> _Input material_
- - - - - - -

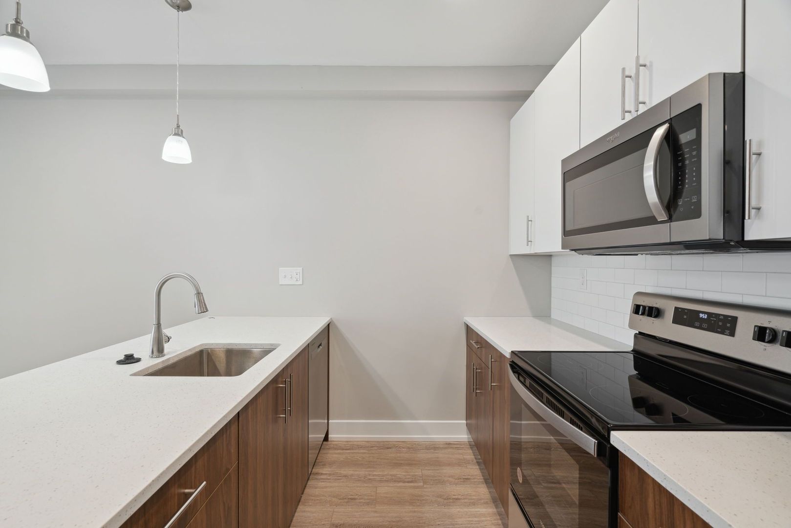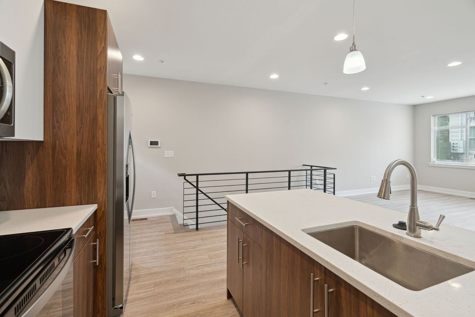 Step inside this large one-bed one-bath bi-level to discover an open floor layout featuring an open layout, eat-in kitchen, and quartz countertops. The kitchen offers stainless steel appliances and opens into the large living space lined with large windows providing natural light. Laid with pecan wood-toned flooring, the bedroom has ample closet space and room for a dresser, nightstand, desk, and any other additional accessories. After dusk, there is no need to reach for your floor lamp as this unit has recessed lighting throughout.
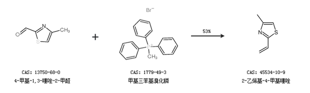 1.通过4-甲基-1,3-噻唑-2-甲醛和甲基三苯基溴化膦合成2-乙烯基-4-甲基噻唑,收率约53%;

- - - - - - -

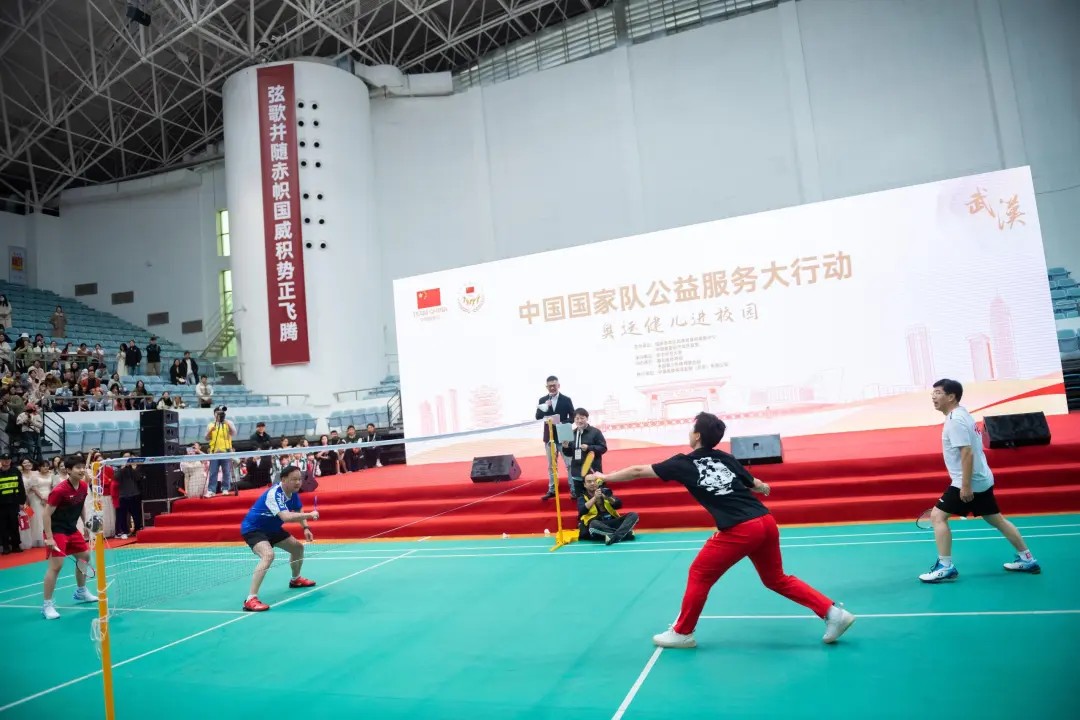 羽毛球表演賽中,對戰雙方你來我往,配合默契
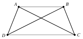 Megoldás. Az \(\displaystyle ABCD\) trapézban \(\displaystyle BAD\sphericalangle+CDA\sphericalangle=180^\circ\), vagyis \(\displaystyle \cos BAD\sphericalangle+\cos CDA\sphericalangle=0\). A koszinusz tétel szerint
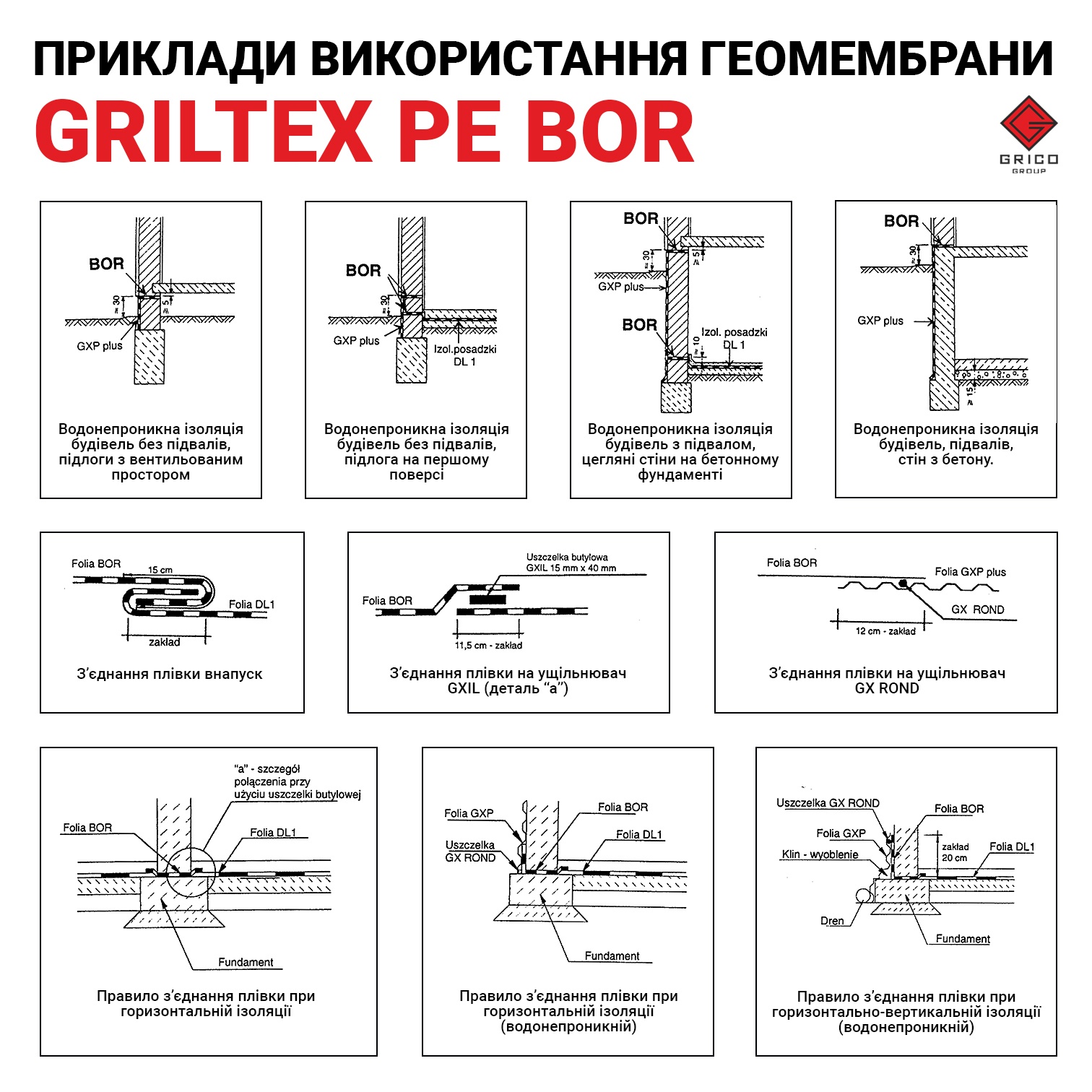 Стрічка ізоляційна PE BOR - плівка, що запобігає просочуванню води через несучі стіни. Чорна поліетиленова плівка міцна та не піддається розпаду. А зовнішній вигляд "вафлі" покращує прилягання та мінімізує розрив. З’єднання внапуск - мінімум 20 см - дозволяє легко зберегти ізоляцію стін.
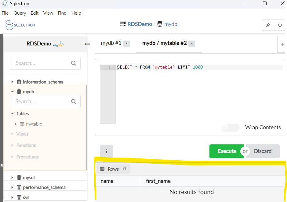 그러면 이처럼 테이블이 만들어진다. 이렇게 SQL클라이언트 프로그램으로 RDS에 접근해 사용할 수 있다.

- - - - - - -

> _Problem to work on_
In the listing above, find the line holding "Стрічка ізоляційна PE" and the line holding "그러면 이처럼 테이블이". Reproduce those two lines and all between them exactly, leaving out pictures.

> _Your response_
 Стрічка ізоляційна PE BOR - плівка, що запобігає просочуванню води через несучі стіни. Чорна поліетиленова плівка міцна та не піддається розпаду. А зовнішній вигляд "вафлі" покращує прилягання та мінімізує розрив. З’єднання внапуск - мінімум 20 см - дозволяє легко зберегти ізоляцію стін.
 그러면 이처럼 테이블이 만들어진다. 이렇게 SQL클라이언트 프로그램으로 RDS에 접근해 사용할 수 있다.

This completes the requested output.